For those needing more customized comparison logic, here's a Python solution using os.walk() and filecmp:

import os
import filecmp
from datetime import datetime

def compare_dirs(dir1, dir2):
    comparison = filecmp.dircmp(dir1, dir2)
    
    print("Files only in", dir1)
    for item in comparison.left_only:
        print(os.path.join(dir1, item))
    
    print("\nFiles only in", dir2)
    for item in comparison.right_only:
        print(os.path.join(dir2, item))
    
    print("\nCommon files with differences:")
    for item in comparison.diff_files:
        path1 = os.path.join(dir1, item)
        path2 = os.path.join(dir2, item)
        size1 = os.path.getsize(path1)
        size2 = os.path.getsize(path2)
        mtime1 = datetime.fromtimestamp(os.path.getmtime(path1))
        mtime2 = datetime.fromtimestamp(os.path.getmtime(path2))
        
        print(f"{path1} ({mtime1}) ({size1} bytes) | {path2} ({mtime2}) ({size2} bytes)")

# Example usage:
compare_dirs('/local/path', '/remote/path')

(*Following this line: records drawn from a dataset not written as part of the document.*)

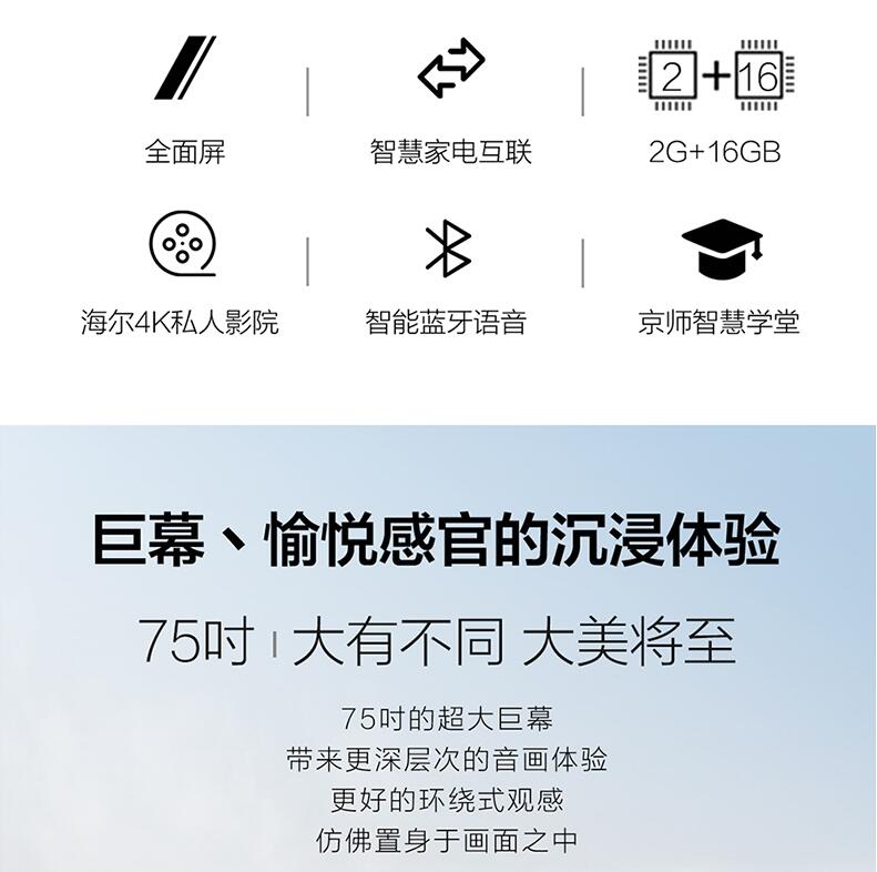 Haier/海爾 LU75C51(PRO) 75英寸4K智能語音超高清平板液晶電視
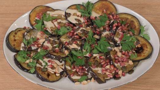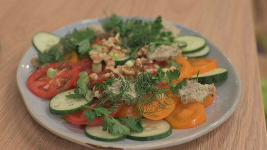 Grúz paradicsomsaláta fokhagymás-korianderes dióval
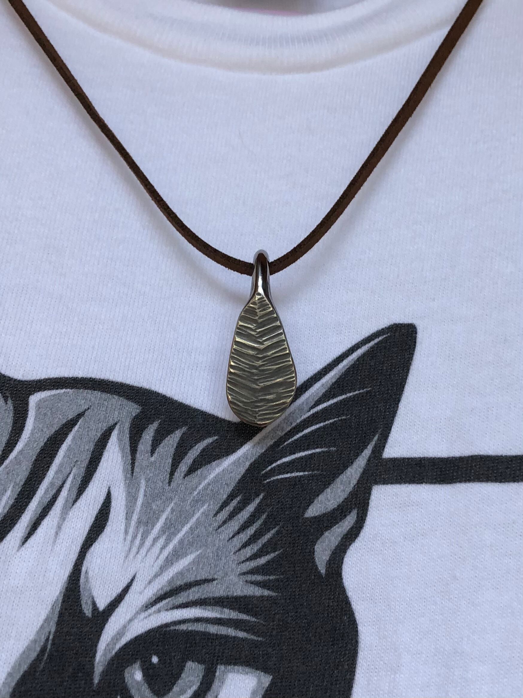 チタンを火とハンマーで製作した一枚葉のペンダントトップ。鍛造品の良さがわかる様磨いた部分とのコントラストが楽しめます。最後の画像の様に重ね付けするとさらにカッコよくなります。
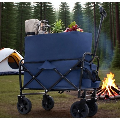 Folding Wagon Garden Shopping Beach Cart (Blue)
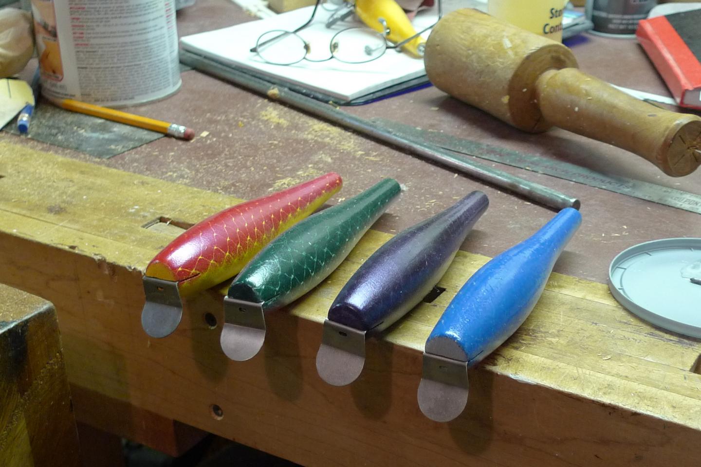 I traded with WoodyCT at Plugfest for a sweet gold G2 Skinny that he made this winter. I had to clone his clone so I can perpetuate this great design. These are now ready to thru wire and then etex tonight can't wait to try them from my yak in BH in May/June

For absolute certainty in file comparison, even when metadata appears identical, consider adding SHA256 checksum verification:

import hashlib

def get_file_hash(filepath):
    hasher = hashlib.sha256()
    with open(filepath, 'rb') as f:
        while chunk := f.read(4096):
            hasher.update(chunk)
    return hasher.hexdigest()

# Add this to the comparison function:
hash1 = get_file_hash(path1)
hash2 = get_file_hash(path2)
print(f"Checksums: {hash1} vs {hash2}")

For those preferring GUI solutions:

  • Meld: Excellent graphical diff tool with directory comparison
  • Beyond Compare: Powerful commercial option with detailed reporting
  • KDiff3: Open-source alternative with merge capabilities

Command-line enthusiasts might prefer vimdiff for side-by-side file comparison, though it's less suited for entire directory structures.

For ongoing monitoring, consider setting up a cron job that logs differences:

0 2 * * * rsync -avn --itemize-changes /source/ /backup/ > /var/log/backup_diff_$(date +\%Y\%m\%d).log

This runs daily at 2 AM and saves output to dated log files for historical tracking.